§ **Exercise details**: When you reach the line below that has "Figure 5. Chest", start returning lines exactly, and stop after the line that has "Membership dollars help"; skip the pictures.

***** Input for this task *****

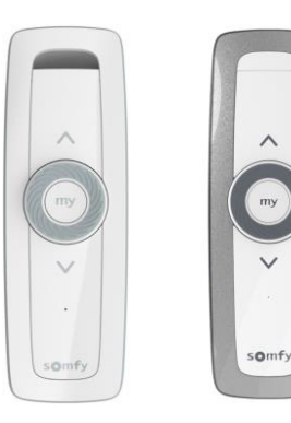
Situo 1 Variation io II

The programming button located at the back of the transmitter allows to memorize the address of the transmitter in one or several receivers. It is the pairing process.
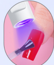
Apply top coat cure 120 s

Detailed steps for applying and curing gel nails using the mlogiroa Mini UV Nail Lamp.
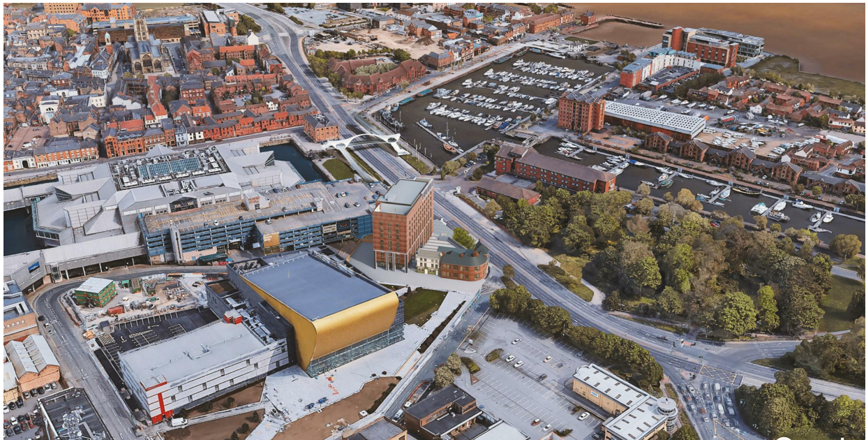
AERIAL VIEW OF PROPOSAL IN THE CONTEXT OF HULL BONUS ARENA, HULL MARINA, HULL MINSTER, THE OLD TOWN AND PROPOSED NEW
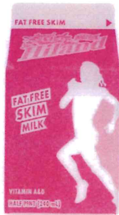
SKIM MILK Item #9173
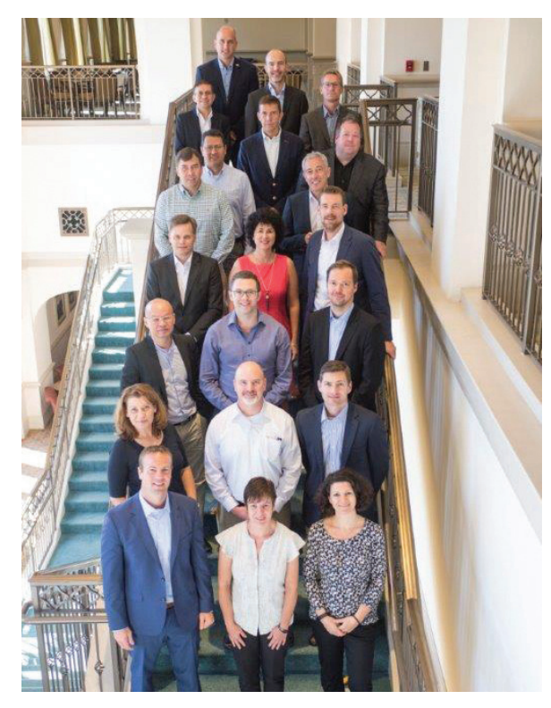
The 2016 Dentsply Sirona Global Leadership Development participants.

Our employees thrive on collaboration with a global team of colleagues, and the opportunity to make a difference in our mission to provide better, safer, faster dental care. We offer a broad range of exciting and rewarding opportunities across the globe. The Dentsply Sirona team is worldwide, diverse, engaged, and passionate about dentistry. From sales and marketing, to clinical education, or research and development, our people actively
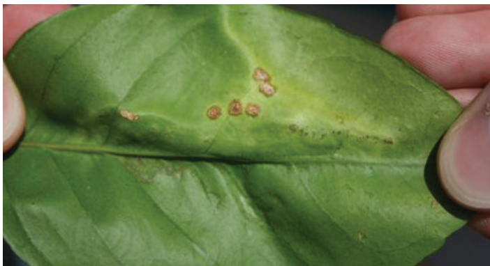
Figure 3. Young, blister-like lesions of citrus canker

The early leaf symptoms appear as slightly raised, tiny, blister-like lesions (Fig. 3). When leaf lesions are young, the yellow halo is most prominent (Fig. 4). As the lesions age, they turn tan to brown, and a water-soaked margin appears surrounded by a yellow ring or halo. The center of the lesion becomes raised and corky. The lesions are usually visible on both sides of the leaf (Fig. 5).
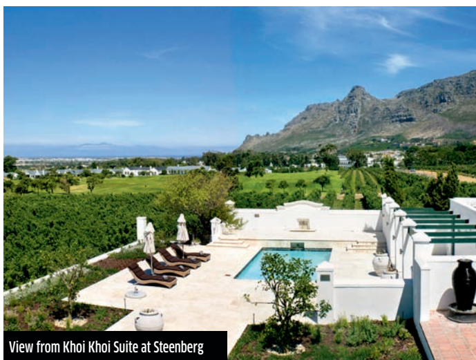
View from Khoi Khoi Suite at Steenberg

If you prefer equestrian sports, Kurland, Plettenberg Bay, is South Africa's polo capital. Kurland International Day, in December, is considered one of the top 10 polo matches in the world. It's only fitting for the sport of kings that dining and accommodation
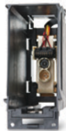
Modular ink supply stall assembly

Modular ink supply stall assembly. This component provides easy mounting of the bulk ink cartridge, as well as proper electrical and mechanical connection every time the cartridge is changed. When multiple ink cartridges are required, simply snap together as many modular ink supply stall assemblies as needed.
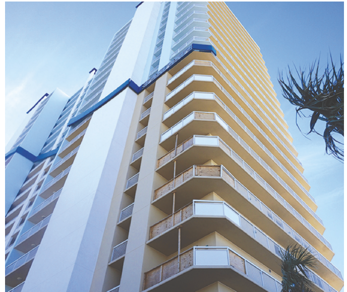
19- Story High-Rise Condominium Claim Hurricane Irma Insurance Company 1st Offer - $0 (under deductible) Claim Settlement Achieved by Altieri - $15,000,000 15,000,000% increase with the Altieri Advantage
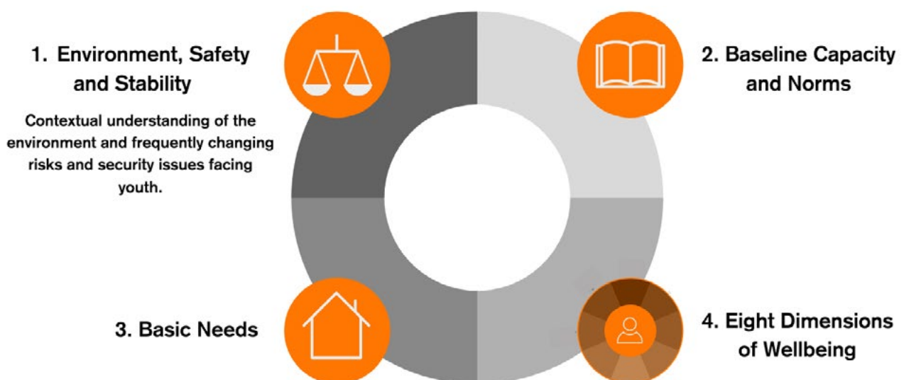
Figure 1: NRC youth wellbeing in displacement framework

The case studies revealed these categories must be considered in specific location . In other words, to capture what youth wellbeing in context means, programmes must consult with youth about the context and environment; basic needs; and baseline capacities and norms (categories 1-3) and the ways these interact with the individual dimensions of wellbeing (category 4) in that context . 9 The four categories are not bounded boxes. Rather, they are a conceptual map of important pieces of a puzzle that interact in diverse and changing ways. These pieces are deeply interconnected, and interrogating these connections is a critical step to examining and describing wellbeing in a given context.
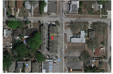
Built in 1985 - 20 units - 2 floors
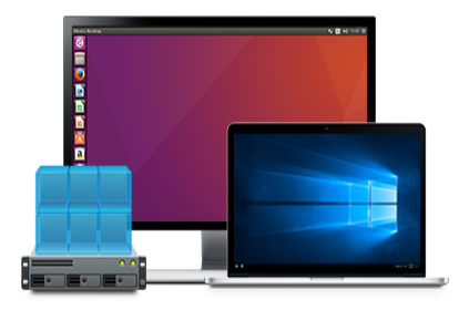
Virtual Machine Manager

With all the built-in and add-on features, DSM provides you with complete and fine-grained control of your DS1819+, maximizing your productivity and make the best out of your digital assets. All can be done with just a few clicks.
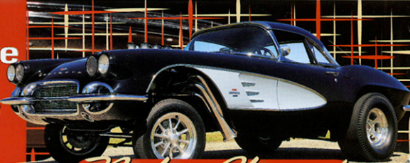
Nickey Chicago's '61 Corvette Gasser #001
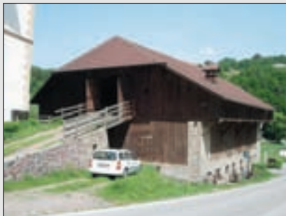
Easy Access to the Hay Loft

- National Barn Alliance, www.barnalliance.org - Historic Barn & Farm Foundation of Pennsylvania, pahiustorichbarns.org - Swiss Center North America, WI www.theswisscenter.com - Green County Tourism, www.GreenCounty.org - Graubunden- Prättigau Tourismus, info@praettigau.info . - Switzerland Tourism 212-757-5944, Ext. 232 / Fax: 212-262-6116, tanya.eggenberger@switzerland.com .
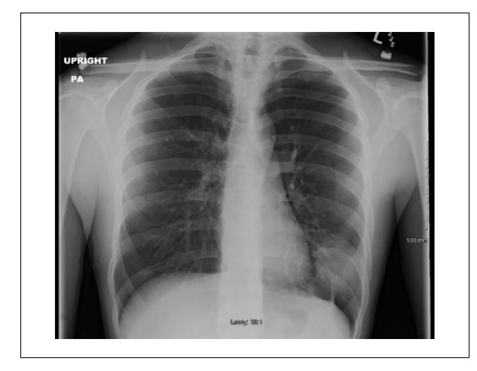
Figure 5. Chest X-ray on admission for case 1.
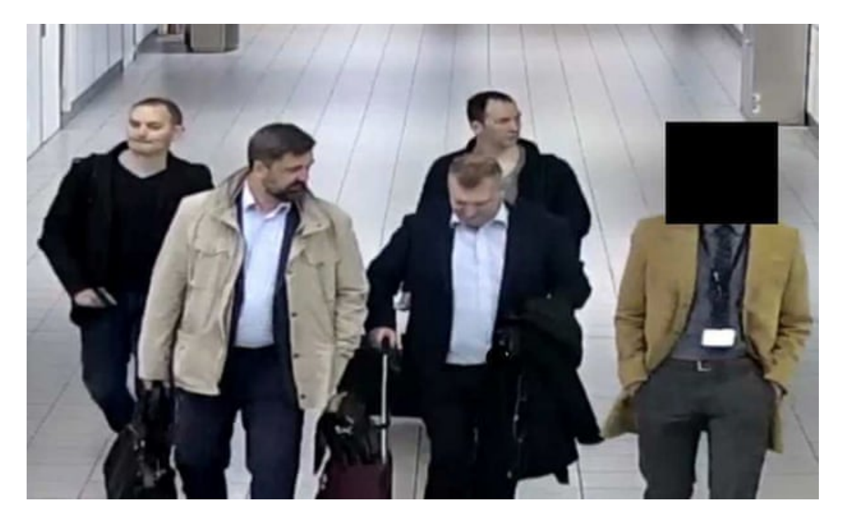
Cyber Policy, Diplomacy & Legal Framework
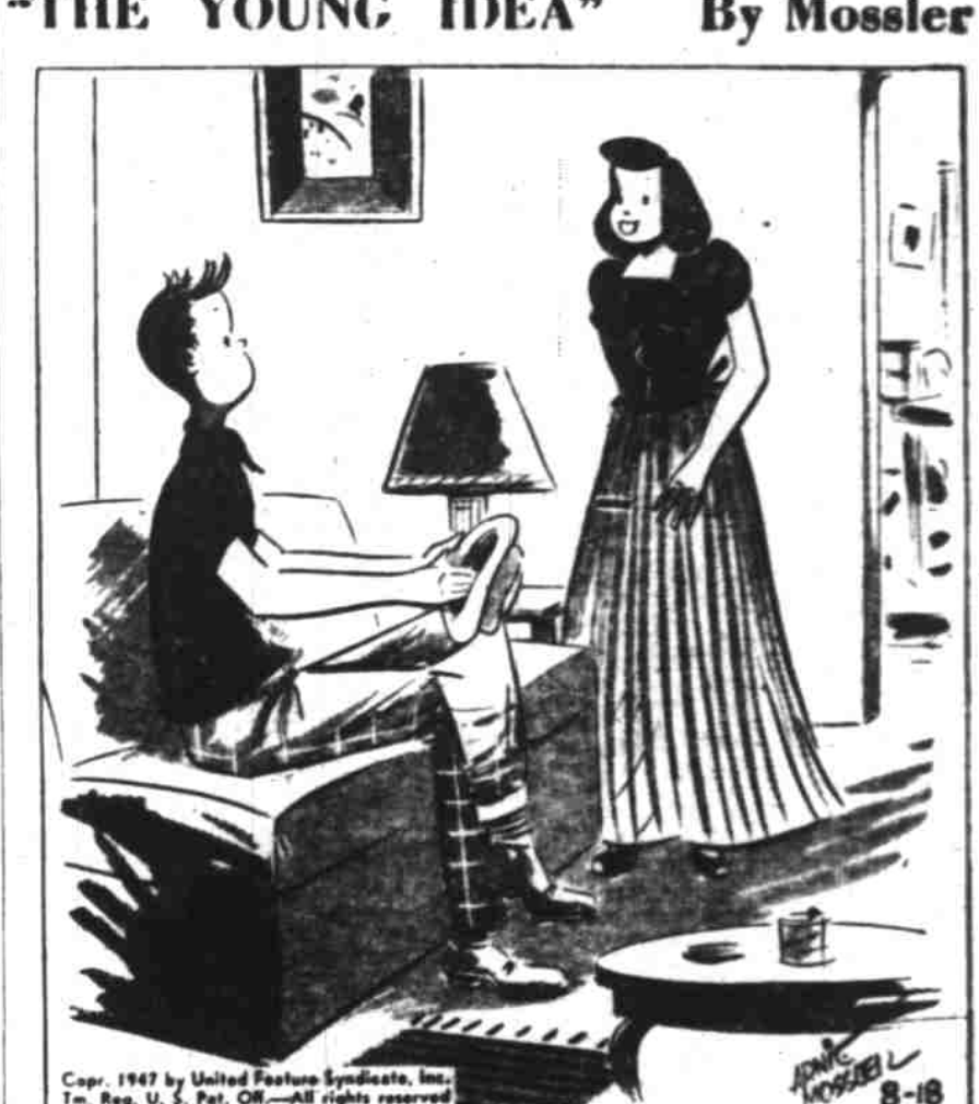
Cap. 1947 by United Feature Syndicate, Inc. Re. Reg. U. S. Pat. Off.—All rights reserved.

"I hope you won't mind my wearing my new formal, Rodney... I want to break it in for the party Saturday night!"
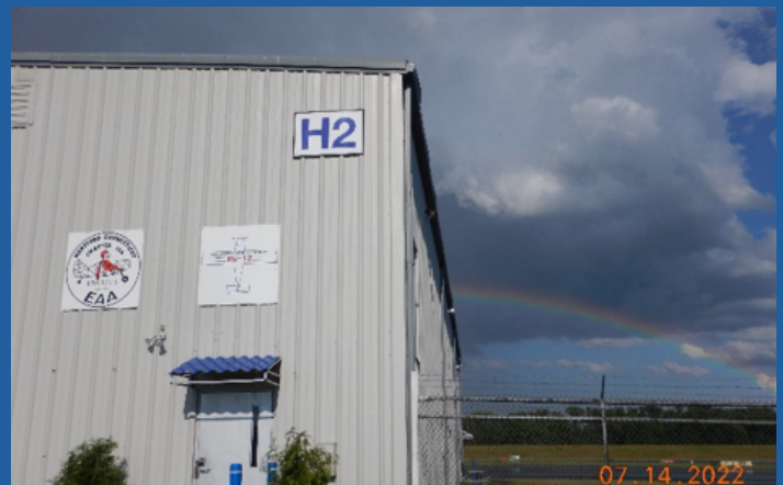
Another RV-12 build night with a rainbow!
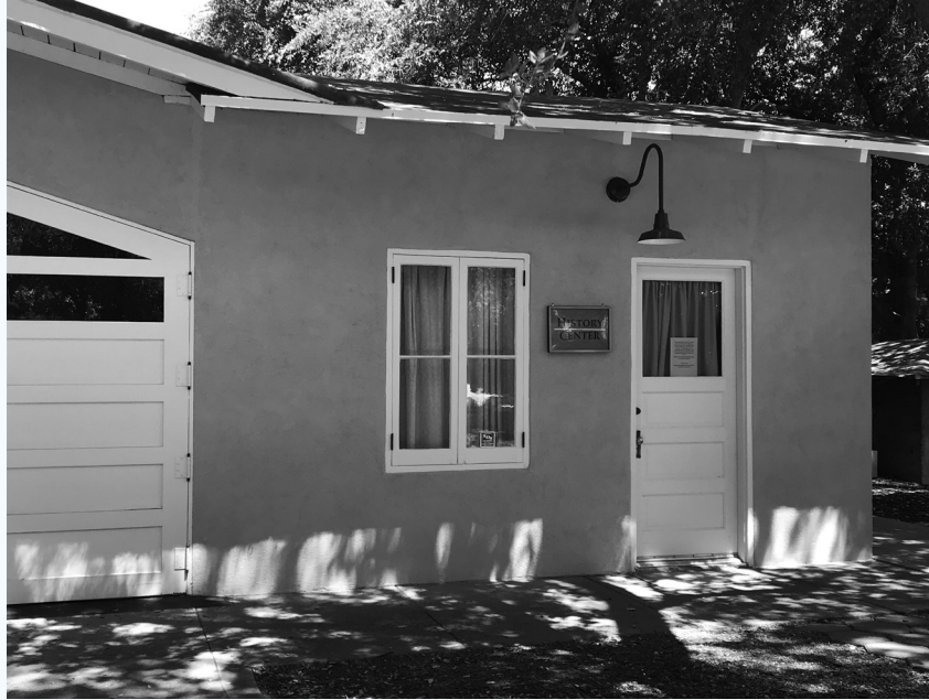
Membership dollars help support on-going preservation work to the Lanterman House, including the repair and repainting of the Visitor and History Center in 2020.

Since the dedication of the Lanterman Historical Museum Foundation in 1993, memberships have helped the Foundation raise money to pay for the continued preservation and restoration of the Lanterman House & Archives. We have accomplished great things in the past twenty-nine years and we are so grateful to all of our members for their support.
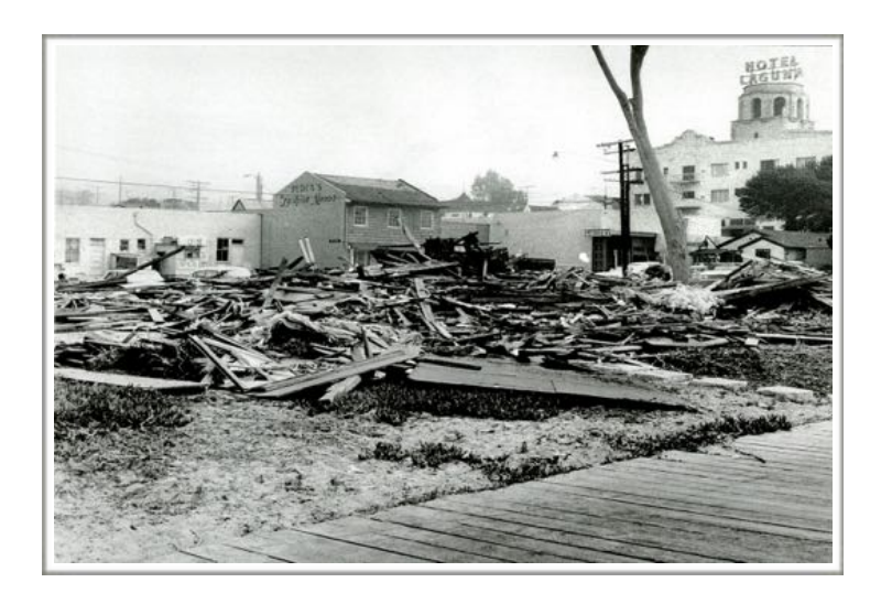
Cottages torn down 1968
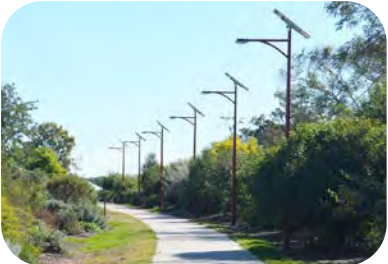
SOLAR POLE LIGHTING
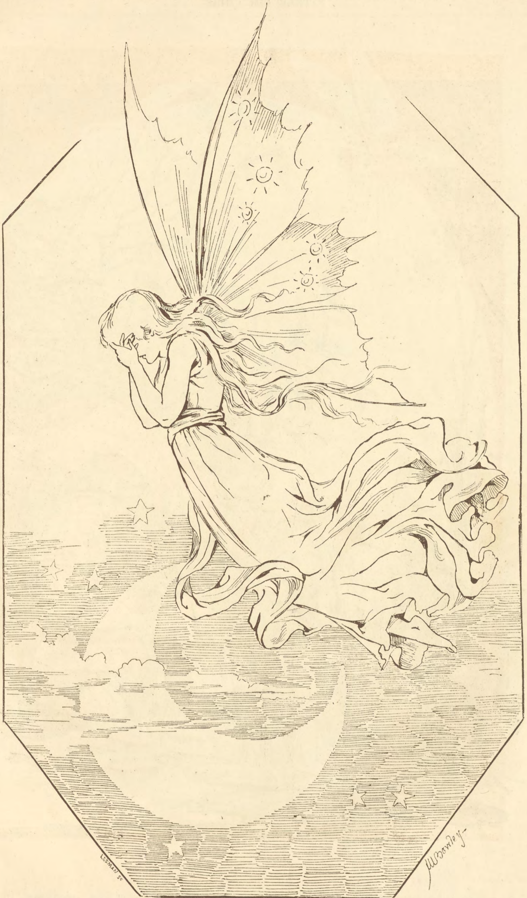
When they do not return to Fairyland their sorrowing Fairy Mother comes down to Earth to find them.
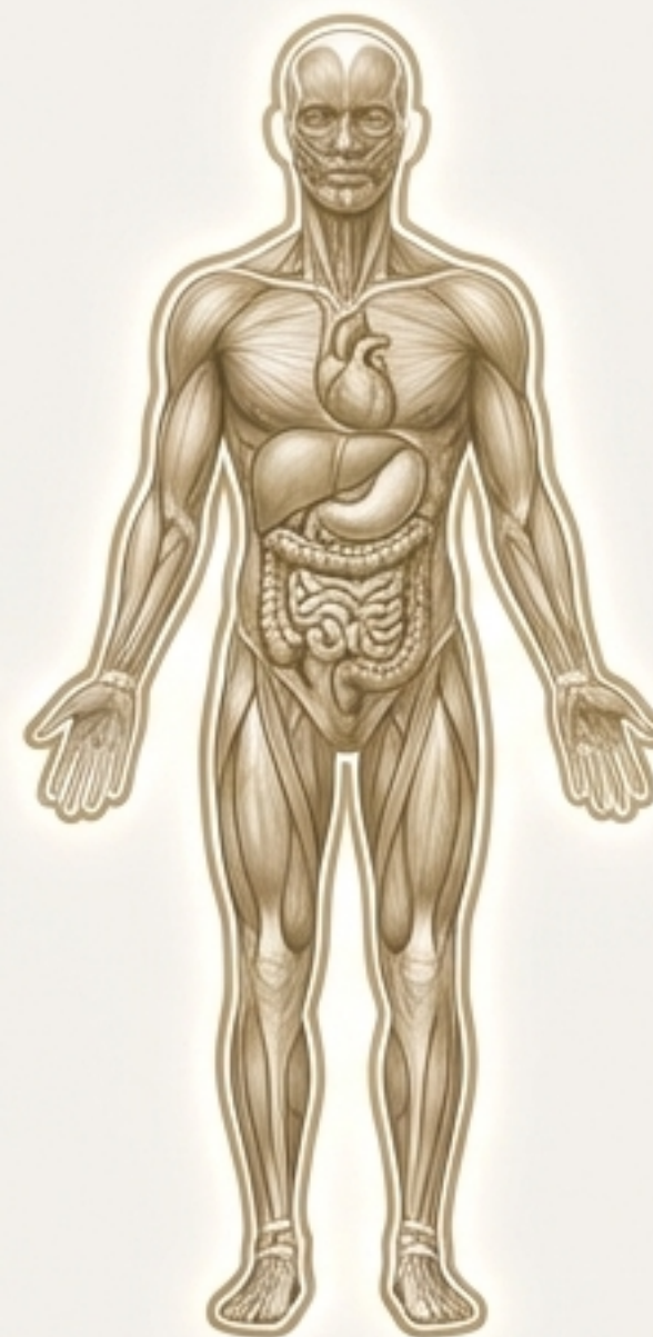
DEVELOPED THROUGH GROWTH

*****

§ **Your response**:
Figure 5. Chest X-ray on admission for case 1.
Cyber Policy, Diplomacy & Legal Framework
Cap. 1947 by United Feature Syndicate, Inc. Re. Reg. U. S. Pat. Off.—All rights reserved.

"I hope you won't mind my wearing my new formal, Rodney... I want to break it in for the party Saturday night!"
Another RV-12 build night with a rainbow!
Membership dollars help support on-going preservation work to the Lanterman House, including the repair and repainting of the Visitor and History Center in 2020.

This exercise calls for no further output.